§ Task to complete
Once you find the line with "A solid 18k" in the entries below, print it and each line after it up to and including the line with "3、由于国家规定的自来水压力", exactly, without pictures.

Start of Records provided

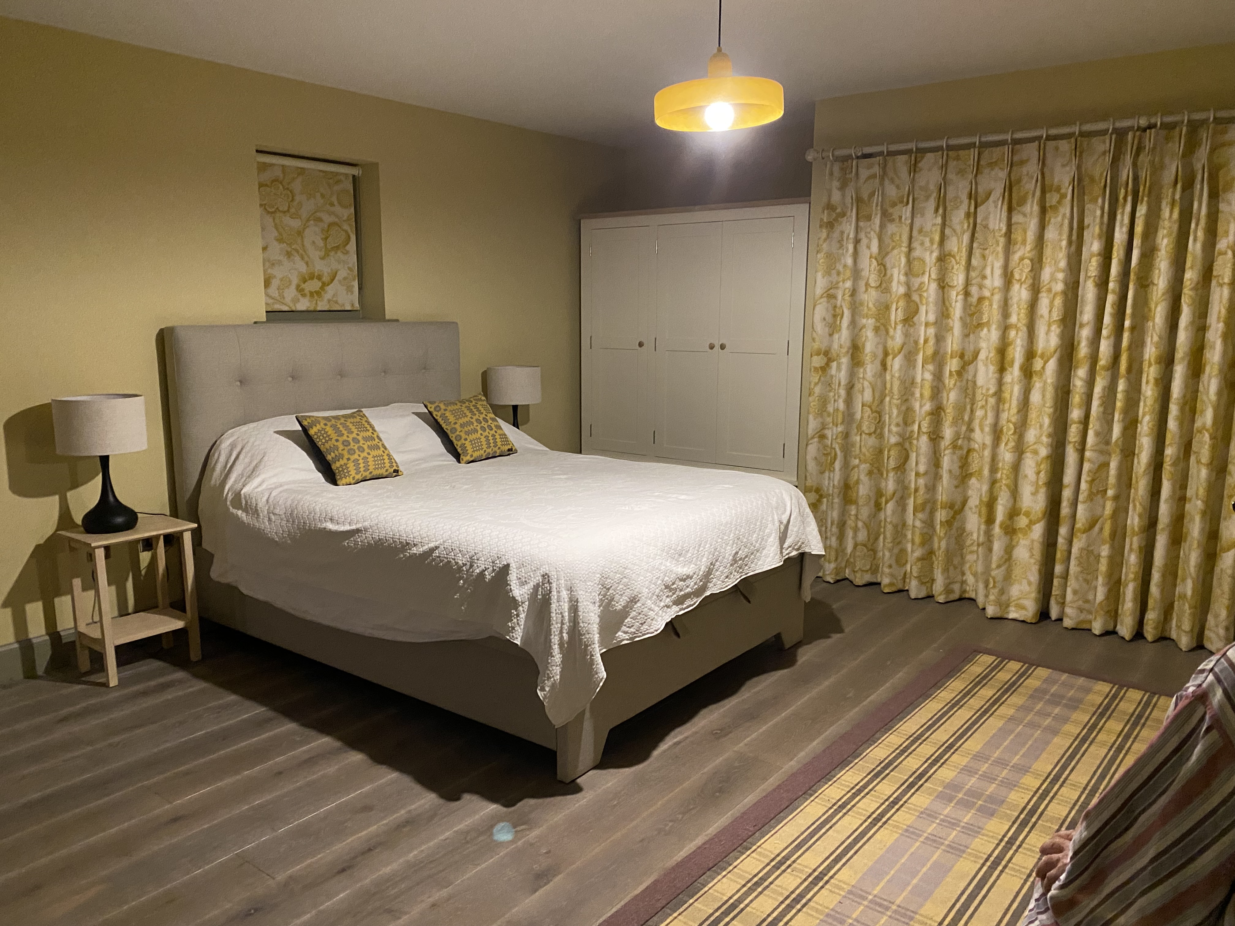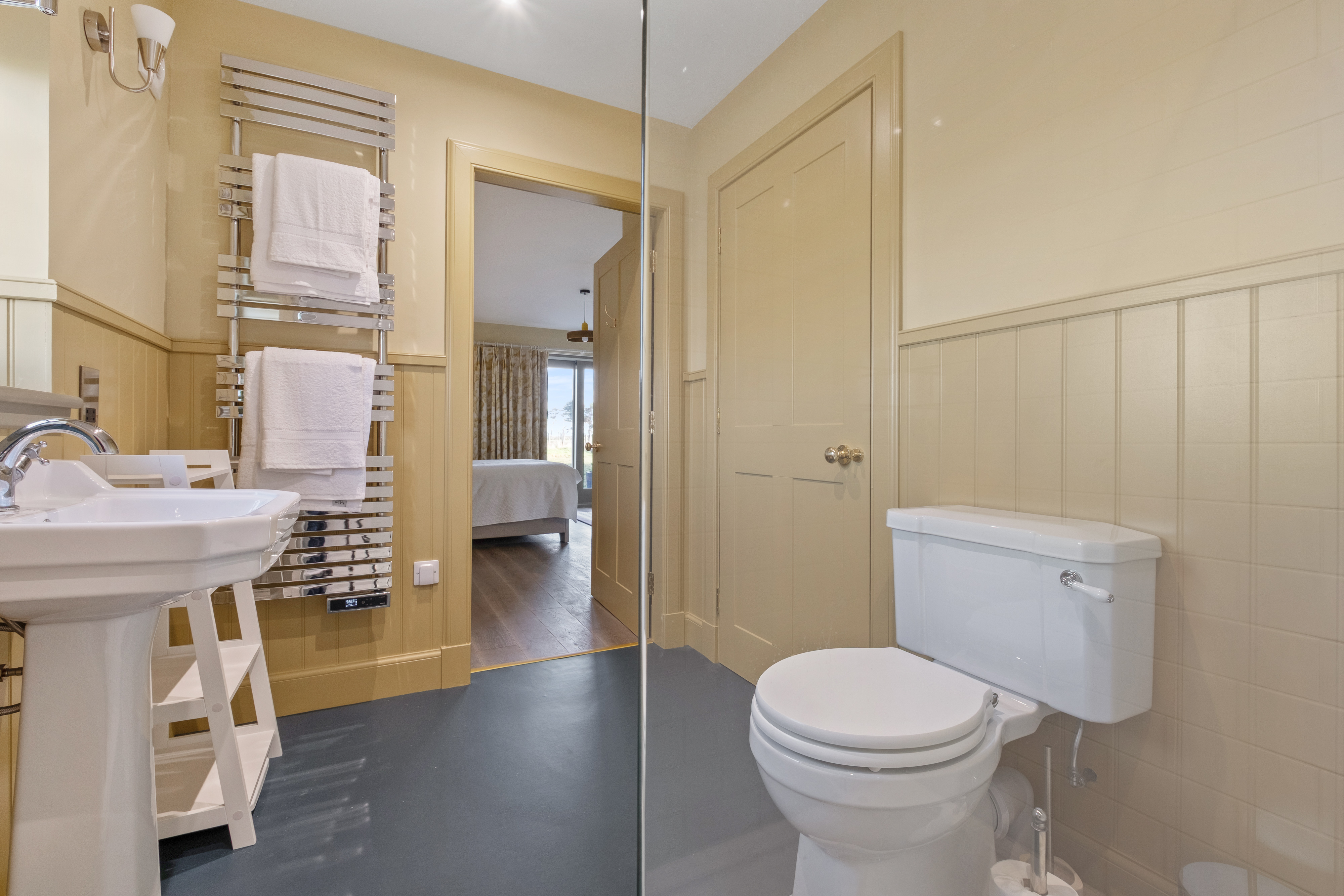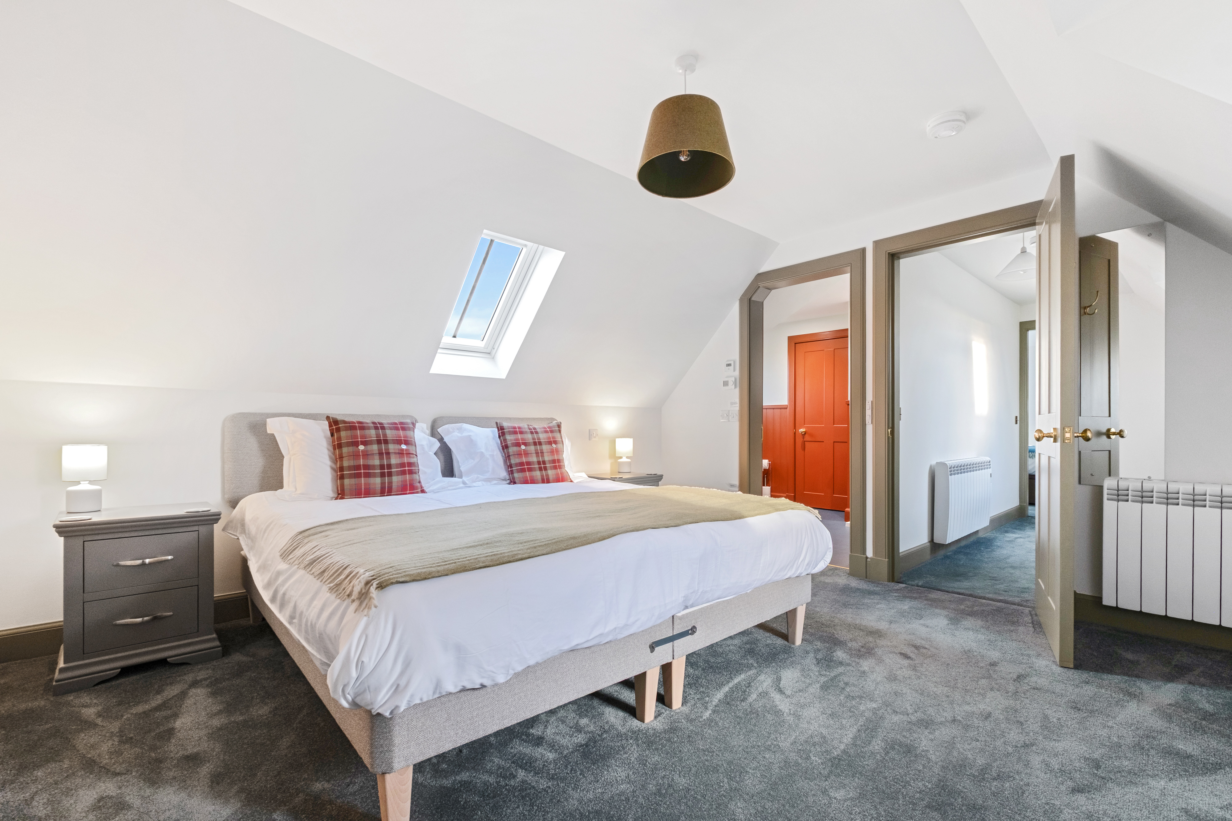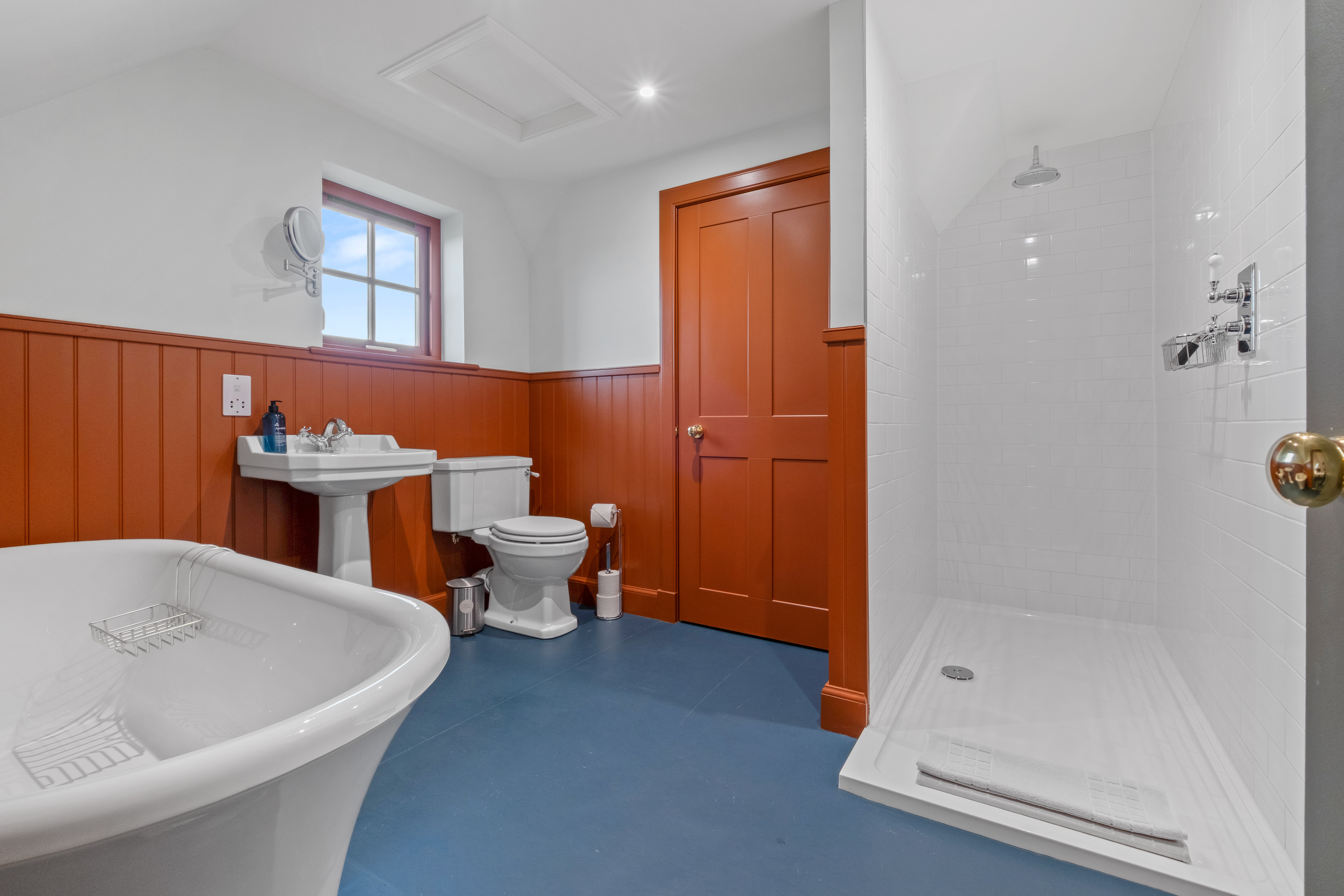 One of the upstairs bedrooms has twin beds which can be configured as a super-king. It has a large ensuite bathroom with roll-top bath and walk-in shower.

End of Records provided
Start of Records provided

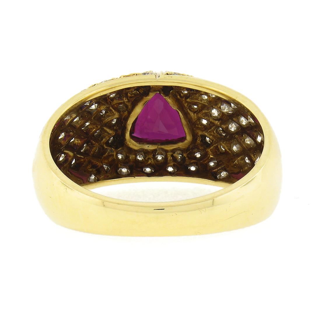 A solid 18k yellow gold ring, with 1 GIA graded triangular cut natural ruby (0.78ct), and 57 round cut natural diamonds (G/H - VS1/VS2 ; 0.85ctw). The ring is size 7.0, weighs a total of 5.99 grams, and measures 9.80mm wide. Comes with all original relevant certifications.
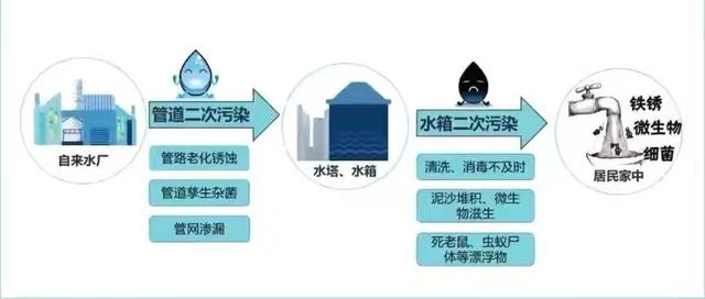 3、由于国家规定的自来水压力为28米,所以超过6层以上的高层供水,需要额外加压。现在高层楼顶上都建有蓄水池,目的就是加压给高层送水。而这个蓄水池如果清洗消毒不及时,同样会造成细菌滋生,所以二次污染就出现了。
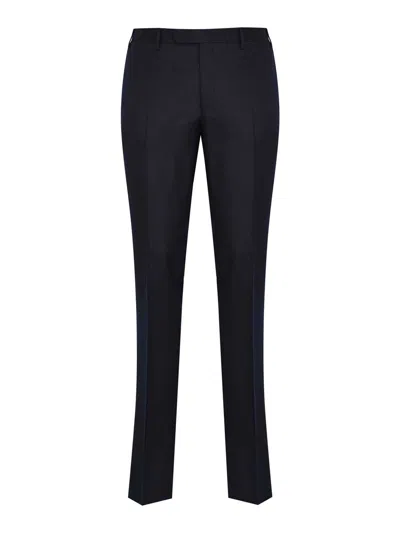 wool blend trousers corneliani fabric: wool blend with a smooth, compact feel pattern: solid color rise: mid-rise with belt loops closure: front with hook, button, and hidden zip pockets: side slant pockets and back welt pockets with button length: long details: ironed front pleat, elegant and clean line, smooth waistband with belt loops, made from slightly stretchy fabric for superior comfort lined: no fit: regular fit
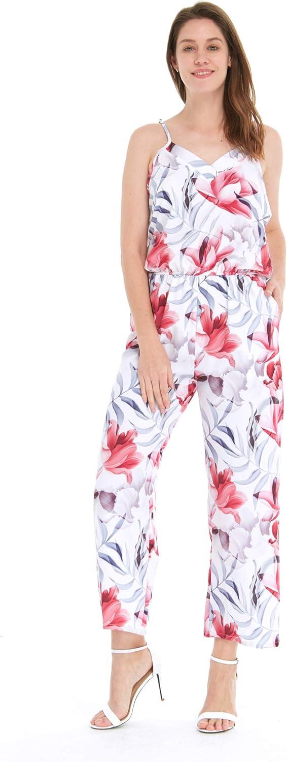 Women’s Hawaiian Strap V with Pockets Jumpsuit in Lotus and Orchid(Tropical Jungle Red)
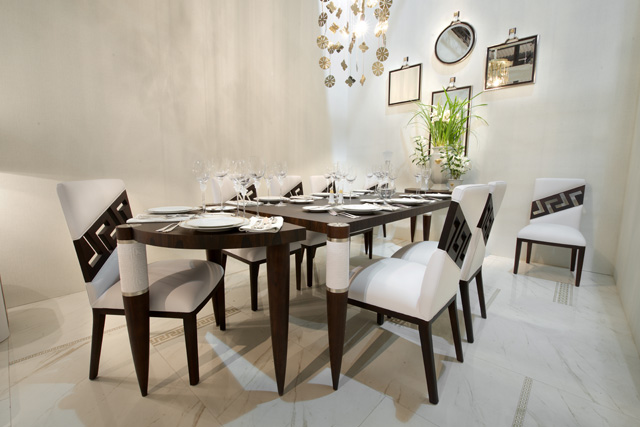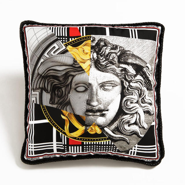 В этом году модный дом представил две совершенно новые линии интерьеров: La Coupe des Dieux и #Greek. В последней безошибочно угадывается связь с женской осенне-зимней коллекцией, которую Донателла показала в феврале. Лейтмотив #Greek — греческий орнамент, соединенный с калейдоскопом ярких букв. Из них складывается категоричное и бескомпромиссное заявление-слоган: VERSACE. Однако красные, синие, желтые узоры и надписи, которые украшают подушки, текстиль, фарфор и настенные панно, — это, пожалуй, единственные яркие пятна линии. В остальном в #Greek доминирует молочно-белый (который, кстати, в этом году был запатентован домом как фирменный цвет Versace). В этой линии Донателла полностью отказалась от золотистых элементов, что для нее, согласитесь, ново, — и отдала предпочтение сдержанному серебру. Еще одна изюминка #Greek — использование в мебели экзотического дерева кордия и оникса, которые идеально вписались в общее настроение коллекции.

End of Records provided
Start of Records provided

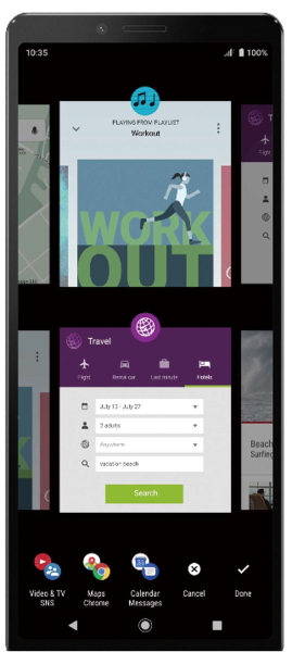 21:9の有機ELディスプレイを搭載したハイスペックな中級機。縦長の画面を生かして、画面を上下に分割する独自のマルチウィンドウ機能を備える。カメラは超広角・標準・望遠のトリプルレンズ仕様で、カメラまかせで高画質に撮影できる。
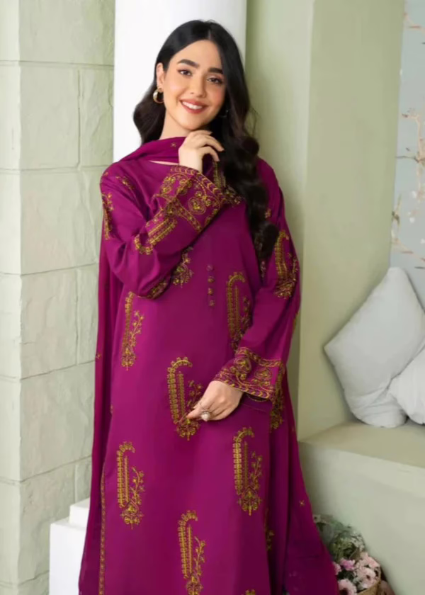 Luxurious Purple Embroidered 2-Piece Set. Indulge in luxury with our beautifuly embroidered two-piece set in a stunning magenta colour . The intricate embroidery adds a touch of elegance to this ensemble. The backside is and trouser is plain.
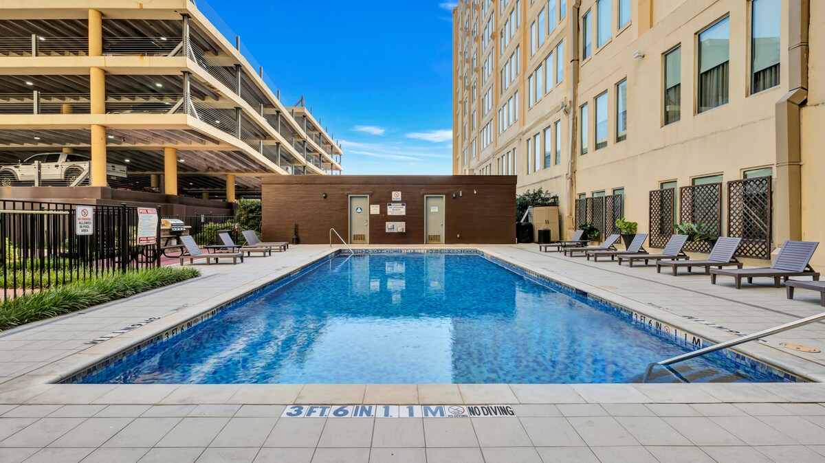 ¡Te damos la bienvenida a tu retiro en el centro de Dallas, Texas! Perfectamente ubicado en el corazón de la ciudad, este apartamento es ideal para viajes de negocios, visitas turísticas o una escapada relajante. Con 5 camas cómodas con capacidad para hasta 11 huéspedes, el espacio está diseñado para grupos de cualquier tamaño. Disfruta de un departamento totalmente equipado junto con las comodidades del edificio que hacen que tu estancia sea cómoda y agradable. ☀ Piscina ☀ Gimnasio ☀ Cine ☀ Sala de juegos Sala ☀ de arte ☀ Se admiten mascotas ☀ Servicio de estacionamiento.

End of Records provided

§ Answer space
 A solid 18k yellow gold ring, with 1 GIA graded triangular cut natural ruby (0.78ct), and 57 round cut natural diamonds (G/H - VS1/VS2 ; 0.85ctw). The ring is size 7.0, weighs a total of 5.99 grams, and measures 9.80mm wide. Comes with all original relevant certifications.
 3、由于国家规定的自来水压力为28米,所以超过6层以上的高层供水,需要额外加压。现在高层楼顶上都建有蓄水池,目的就是加压给高层送水。而这个蓄水池如果清洗消毒不及时,同样会造成细菌滋生,所以二次污染就出现了。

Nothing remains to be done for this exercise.